Thursday, May 15, 2008

What is Hip Hop Music?




Hip hop music is a kind of music typically consisting of a rhythmic style of speaking called rap over background of beats performed on a turntable by a Disc Jockey also known as a DJ. Hip hop music is part of hip hop culture, which started in New York City in the 1970s, mainly among African Americans and Latinos (two other elements are break dancing and graffiti art). The word rap is sometimes used similar with hip hop music, though it originally referred only to rapping itself.

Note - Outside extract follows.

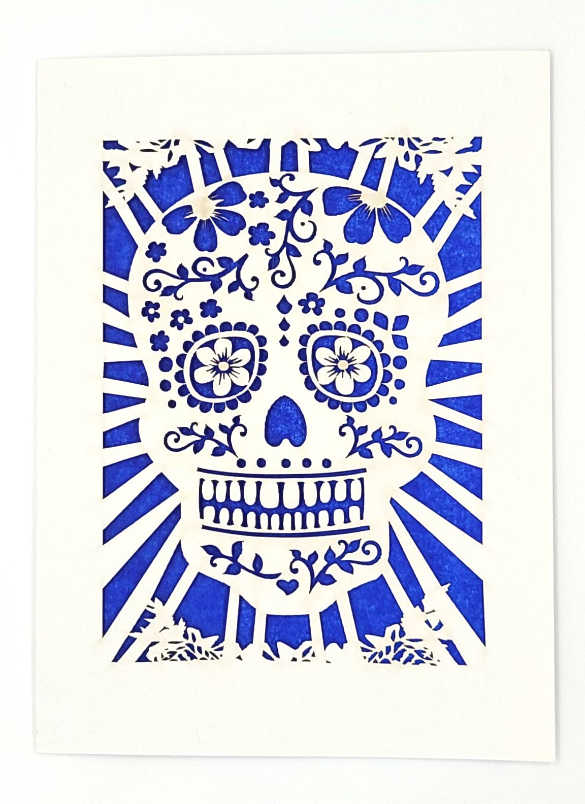 Sugar skull laser cut greeting card. Dia de Los Muertos - Day of the Dead - Halloween.

Rapping also referred to as MCing or emceeing, which is a vocal style in which the performer speaks rhythmically and in rhyme, generally to a beat. Beats are usually sampled from parts of other songs by a DJ, though synthesizers drum machines, and live bands are also used, especially in newer music. Rappers may perform poetry which they have written ahead of time, or make-up rhymes on the spot. Though rap is usually important components of hip hop music, DJs sometimes perform and record alone, and many instrumental acts are also defined as hip hop.
Hip hop arose in New York City when DJs began isolating the drumming break from disco or funk songs for audiences to dance to. The role of the MC was originally to introduce the DJ and the music, and to keep the audience excited. The MC would talk between songs giving exhortations to dance, greetings to audience members jokes and anecdotes. Sooner or later, this practice became more stylized, and came to be known as rapping. By 1979, hip hop had become a commercially recorded music genre, and began to enter the American mainstream. It also began its spread across the world. In the 1990s, a form called “gangsta rap” became a major part of American Music causing major conflict over lyrics which were perceived by some as promoting violence, promiscuity, drug use and misogyny. By the beginning of the 2000s, hip hop became a staple of popular music charts and is now performed in widely varying styles around the world.